Long-term survival of HIV-infected children receiving antiretroviral therapy in Thailand: a 5-year observational cohort study

Collaborators, Affiliations

Long-term survival of HIV-infected children receiving antiretroviral therapy in Thailand: a 5-year observational cohort study

Intira J Collins et al. Clin Infect Dis. .

Abstract

Background: There are scarce data on the long-term survival of human immunodeficiency virus (HIV)-infected children receiving antiretroviral therapy (ART) in lower-middle income countries beyond 2 years of follow-up.

Methods: Previously untreated children who initiated ART on meeting immunological and/or clinical criteria were followed in a prospective cohort in Thailand. The probability of survival up to 5 years from initiation was estimated using Kaplan-Meier methods, and factors associated with mortality were assessed using Cox regression analyses.
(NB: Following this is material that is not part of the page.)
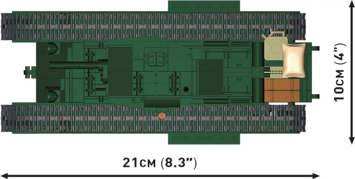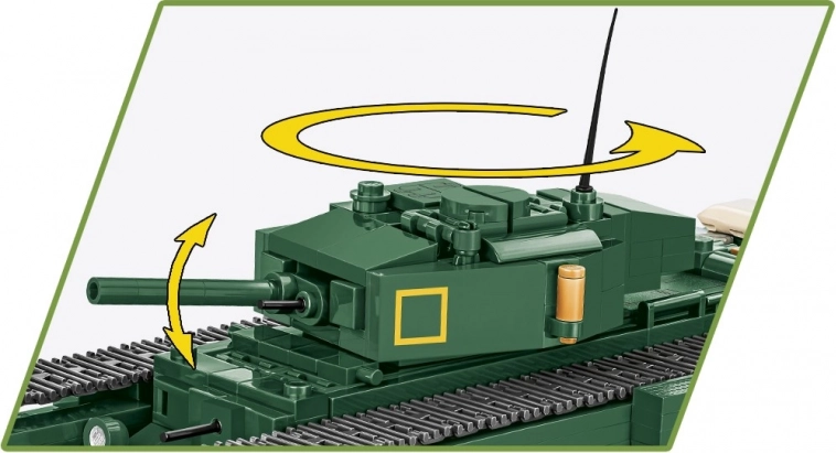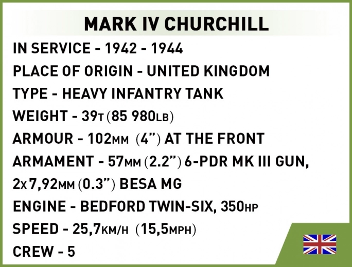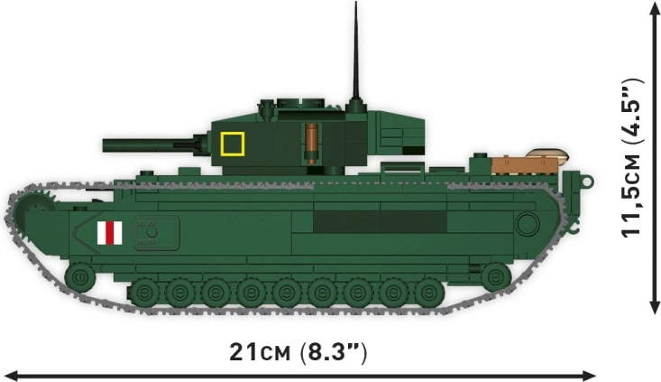 Sestavite legendarni britanski težki pehotni tank MARK IV CHURCHILL v merilu 1:35 iz 668 kakovostnih kosov COBI. Model ponuja funkcionalne gosenice, vrtljiv stolp, premični top in odpirajoč se loput. Priloženi sta 2 podrobni figurici z bogatimi dodatki ter visokokakovostni potiski, ki ne zbledijo. Idealno za ljubitelje zgodovine in gradbenih kompletov.

Results: Five hundred seventy-eight children received ART; of these, 111 (19.2%) were followed since birth. At start of ART (baseline), the median age was 6.7 years, 128 children (22%) were aged <2 years, and the median CD4 cell percentage was 7%. Median duration of follow-up was 53 months; 42 children (7%) died, and 38 (7%) were lost to follow-up. Age <12 months, low CD4 cell percentage, and low weight-for-height z score at ART initiation were independently associated with mortality (P < .001). The probability of survival among infants aged <12 months at baseline was 84.3% at 1 year and 76.7% at 5 years of ART, compared with 95.7% and 94.8%, respectively, among children aged ≥1 year. Low CD4 cell percentage and wasting at baseline had a strong association with mortality among older children but weak or no association among infants.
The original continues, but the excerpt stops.